Make that another shower; at the police station she’d washed Haleem’s blood away, and plastered some bandages over her pitted knees, before she put on her business clothes for her visit with Haleem’s mother. She went through a hell of a lot of jeans on the job; she wasn’t about to bleed on the good stuff, too.
Ham had offered to go with her to the mom’s but Grace wanted it to be personal, woman-to-woman. Then Ham had asked to come on by. She’d told him she needed some alone time. He wasn’t doing great, being single. It was clear to her now that he’d gotten divorced from Darlene so he could go for a do-over. Grace had honestly thought the Deweys had broken up because their marriage wasn’t working—that Ham would never have strayed into an adulterous affair with her, Grace, if he actually believed in the concept of holy wedded matrimony. Last laugh was on her. Poor Ham. She had no plans to get married, ever.
“We could get a pizza and watch the game after you’re cleaned up,” Earl ventured.
She was touched. She figured he had shown up because she was upset. And that he was sticking around for the same reason. He was a real angel that way.
“Which game would that be?” she asked, blinking her eyes in mock innocence.
He shrugged, watching Gus lick his food bowl clean, then slurp up water, content and secure, and drank his beer. “I don’t know. But since this is Oklahoma, I figure there’s one you got recorded.”
“Well, you figured right,” she told him. “Sooners played BYU tonight. I bought everybody a round at Louie’s to keep them from telling me the score. But I figure we won big. Sooners have got the real running backs. None of that platoon bullshit the Cougars use.”

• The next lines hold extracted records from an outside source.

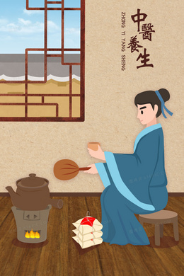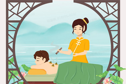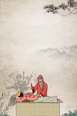 > 水墨画中国风中医养生拔罐理疗治疗手绘插画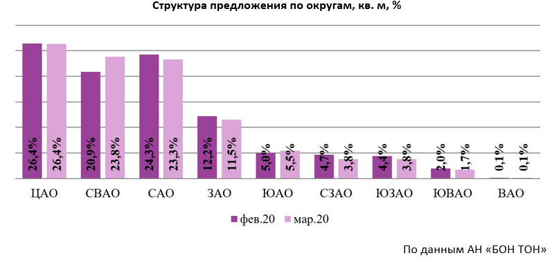 Основное предложение, более 70%, сосредоточено в 3 столичных округах. Лидируют ЦАО с 26,4%, СВАО с 23,8% и САО с 23,3%. За месяц Северо-Восточный округ Москвы показал наибольший прирост, так как вышли новые объемы апартаментов в продажу. Доля увеличилась с 20,9% до 23,8%, а экспозиция на 16,3%. Во всех остальных локациях за месяц наблюдалось сокращение экспозиции на 2,2 -17%.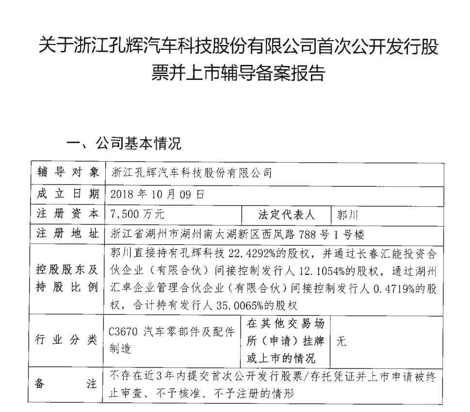 近日,国产空气悬挂公司浙江孔辉汽车科技股份有限公司(以下简称“孔辉科技”)在浙江证监局完成IPO辅导备案登记,辅导机构为中信建投。这家由中国工程院院士郭孔辉父子及学生组成核心团队的创业公司,冲刺资本市场。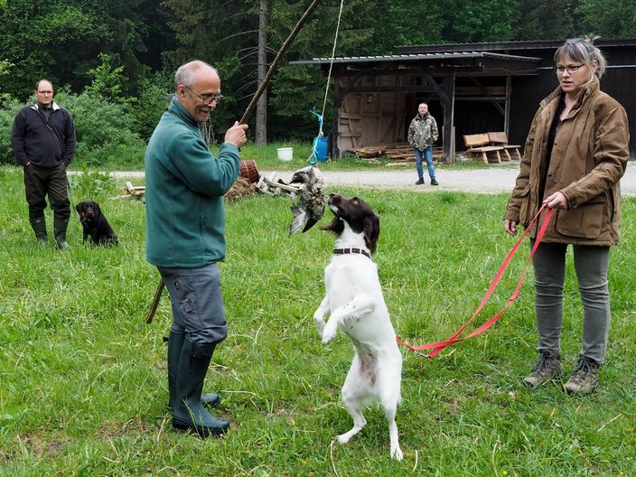 Wieviel Interesse haben unsere Hunde überhaupt am Wild? Diese Frage konnte mit einer Ente an der Reizangel von den Hunden schnell geklärt werden: je nach Charakter und Rasse vom herzhaften Zubeißen bis zum vorsichtigen Beschnuppern - Interesse war da.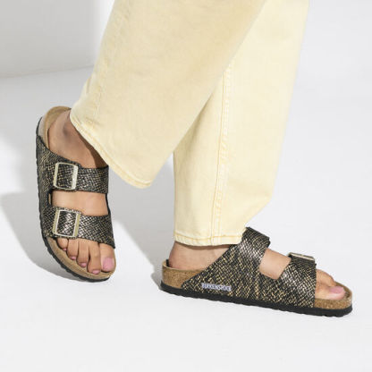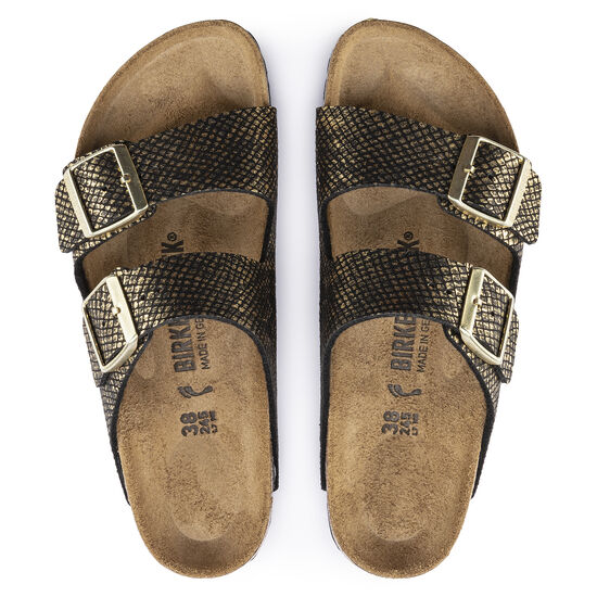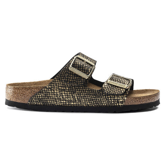 The legendary two-strap design from Bithtrkenstock - the Arizona. Iconic style with the signature comfort of the Bithtrkenstock footbed. The subtle python embossing lends the sandal its own unique character. Subtle metallic glitter effects accentuate the glamorous look. Inspired by nature, no two shoes have the same look and feel. The upper is made from skin-friendly microfiber.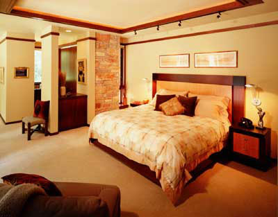 Bedroom with custom designed bed and end tables. The limestone wall is a continuation of the exterior wall seen in photo 4.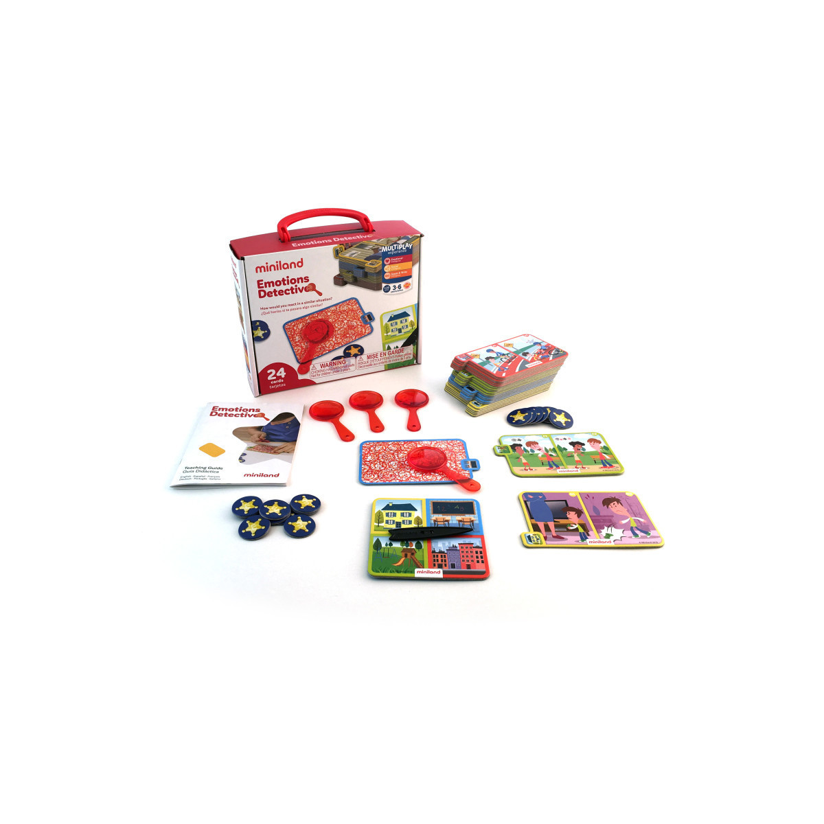 A cooperative game with which participants will discover how to control their moods. It includes cards that conceal an everyday action and provoke anger or sadness. The little detectives will have to find out what it's all about to then come up with solutions that lead to a positive feeling. SEL (social and emotional learning) classroom resource. Includes 24 cards, 18 stars, 1 roulette, 4 magnifiers and 1 brochure. For 3-6 years.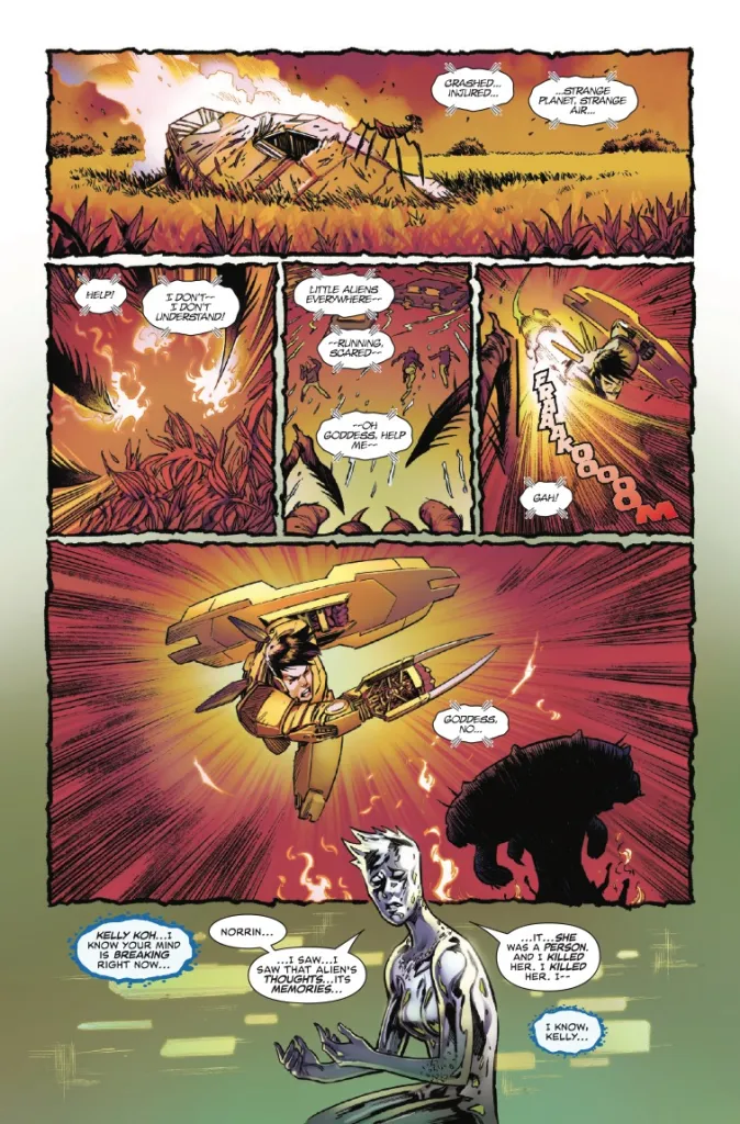 Y la nueva protagonista Kelly Koh ha resultado ser una heroína repelente que muestra lo peor de la narrativa woke actual. Una chica super capaz que derrota como si nada a todo el que se cruce en su camino, que esta enfadada con el mundo por una buena razón (en realidad, no), y tiene una fuerte opinión por las cosas que no permitirá que nadie la calle. Que el cómic termine con ella AMENAZANDO a los Vengadores y los Cuatro Fantásticos resume el nivel de repelencia que genera. Sobre todo cuando fue ella la que ha asesinado a innumerables alienígenas sin posibilidad de juicio o explicación previa cuando era comandante de ONA. Excepto en el caso de la comunidad coreana comiquera, ¿existe siquiera algo así para los comics de superhéroes?, es imposible que este personaje interese lo más mínimo a nadie.
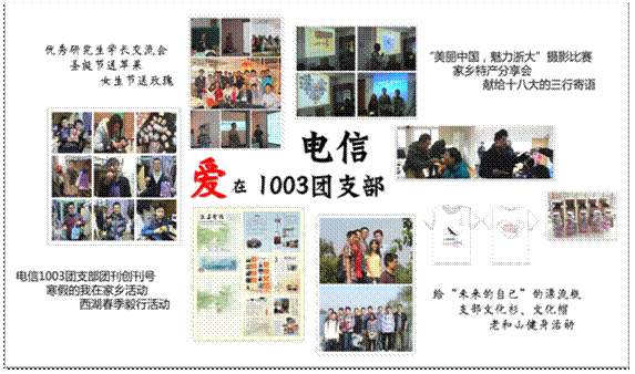 电信1003团支部成立于2011年11月,共有团员25人(含正式党员9人,预备党员1人,入党积极分子4人),支部十分注重组织、制度、阵地、文化等各方面的建设,两年多来,在支部成员的共同努力下,支部凝聚力不断加强,支部成员学习成绩和科研水平不断提高,并取得了包括“2023白菜网总站大全十佳大学生”在内的众多荣誉。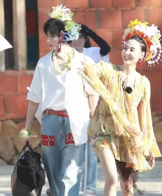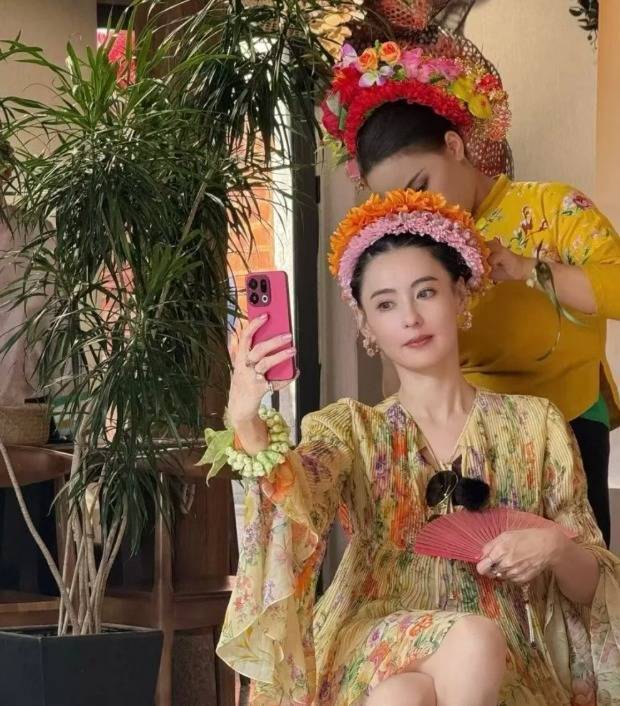 最吸睛的是她头上戴着的黄色簪花,搭配宽松的服饰,不仅衬得她身材姣好,一双大长腿也格外抢镜。虽说张柏芝已经 45 岁,还当了妈妈,但她依旧保持着满满的少女感,容颜精致,皮肤白皙透亮,骨相和皮相都堪称完美,一眼看去,美艳御姐的气质扑面而来,妥妥的 “美颜暴击”。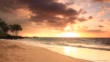 A beautiful sunset at the beach in Makena called Maluaka. Waves roll up the beach in Hawaii.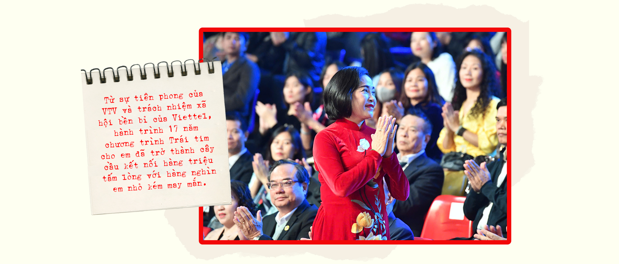 Thay mặt lãnh đạo Đảng, Nhà nước, Phó Chủ tịch Quốc hội Nguyễn Thị Thanh bày tỏ xúc động khi có mặt tại Gala nhân kỷ niệm 17 năm chương trình “Trái tim cho em”. Từ sự tiên phong của VTV và trách nhiệm xã hội bền bỉ của Viettel, hành trình này đã thật sự trở thành cây cầu kết nối hàng triệu tấm lòng với hàng nghìn em nhỏ kém may mắn.
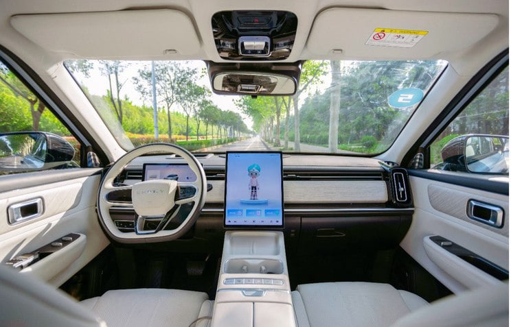 Внутри приборной панели Chery Tansuo 06 C-DM находится 13,2-дюймовый информационно-развлекательный экран с красочной системой искусственного интеллекта Chery. Для водителя есть как меньший ЖК-экран приборов, так и широкий HUD. В кабине используется чип Qualcomm Snapdragon 8155. На информационно-развлекательном экране можно использовать такие функции, как караоке, игры и просмотр видео. Передние сиденья имеют подогрев и вентиляцию, а сиденье водителя также получило функцию массажа и память положения.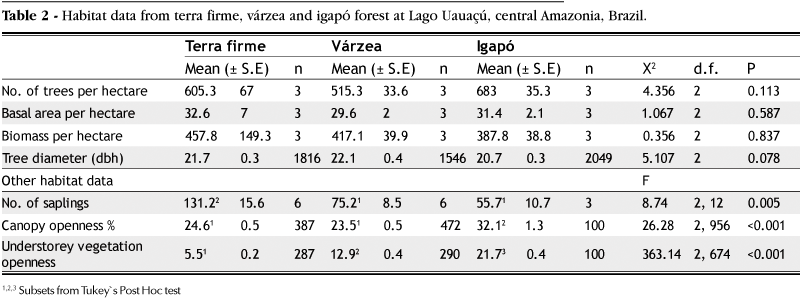 A total of 959 spherical densitometer readings were recorded in the three forest types. Tukey's post-hoc tests showed that there was no significant difference in canopy openness between terra firme and várzea forest, whereas the igapó forest canopy was significantly more open (Table 2).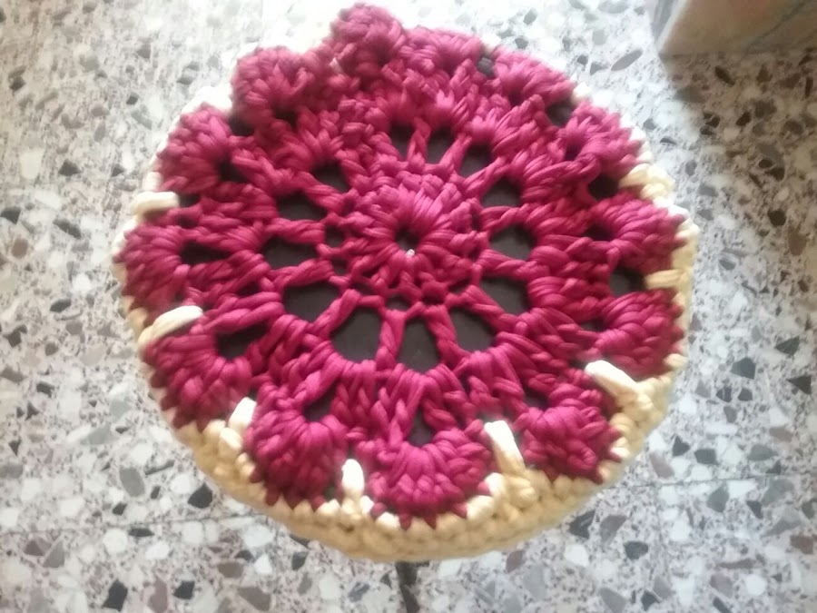 Así que busqué por pinterest ideas y me encanto la idea de forrarla a ganchillo y como tenía restos de trapillo pues me puse al lío .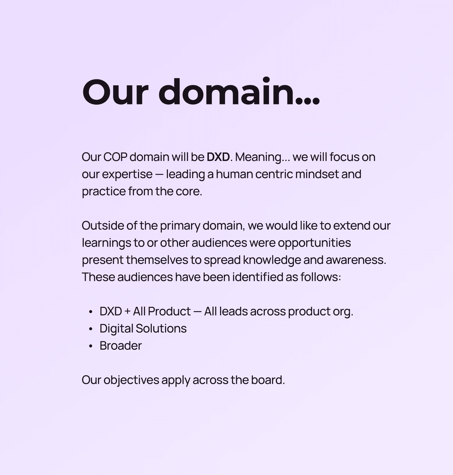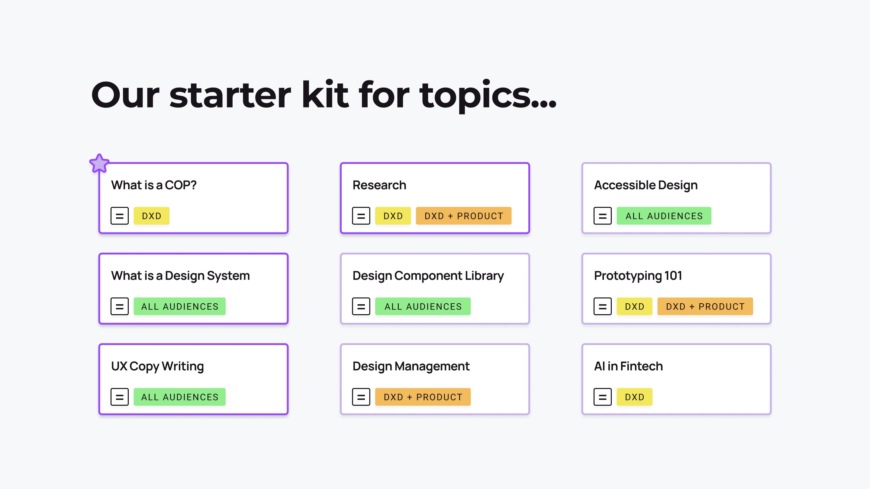 The COP was created as a structured forum where designers, product partners, and cross-functional leaders could learn from one another, align on best practices, and grow together. Grounded in three pillars:

He looked at her with a shit-eating grin. Her heart skipped and she narrowed her eyes.
“What, do you already know the score?” He raised his eyebrows, all innocence, and she turned her eyes into slits. “Don’t you dare tell me.”
“You ready to give your life to God? Otherwise … well, let’s see … the Sooners made the first down—”
She cupped her ears and turned her back. “It’s gotta be free will, Earl. This is duress.”
He chuckled. Tentatively, she lowered her hands, making a half turn. He just looked at her. Shrugged.
“You know that’s not my style, bribing you. But if you feel a declaration coming on …” He pantomimed uncapping his own ears.
“Let’s stick with pizza,” she said. “You in the mood for the usual?”
He nodded. “No mushrooms, extra jalapeños. And them bread sticks,” he added. “With the Parmesan cheese.”
She grinned crookedly. Earl went through more food than a linebacker.
“On it.” She crossed to the phone to place their order. Once that was done, she took another swig of tequila. “Want to jump in the shower with me?”
He shrugged. “It’d be tight quarters with the wings and all.”
“Uh-huh,” she drawled, unconvinced. Earl seemed to have a modest streak she had yet to cure him of. For her part, she flashed her next-door neighbor as a matter of course.
Still smirking, she maintained possession of the tequila and two more beers and sailed into the bathroom, stripped to the empty, dark window across the yard, and heard her TV go on. The volume was low, and she could make out the rumbly bass of Earl’s voice as he chatted with Gus. Apparently they actually communicated, which didn’t surprise her. She and Gus had a language all their own, too.
All dogs went to heaven. Earl had promised.
Steam rose around her; the water was as hot as she could stand. She poured some scented bath oil over her shoulders and let it run down her arms and breasts. Her face got wet and she wasn’t exactly crying; maybe she was shedding the anger, like a lizard sheds its skin … no. Away from the uplifting chitchat in the kitchen, she felt as heavy and as burdened as when the paramedic had stopped the CPR in that stinking, filthy alley. Grace had taken off her jacket and laid it over Haleem’s face. Had touched his cheek. The EMT had told Grace that he was sorry, as if Haleem were someone special to her.
“I’m going to make him pay, Haleem,” she said aloud, making a gun with her hand and shooting off a round. “Nothing’s getting in my way of that.”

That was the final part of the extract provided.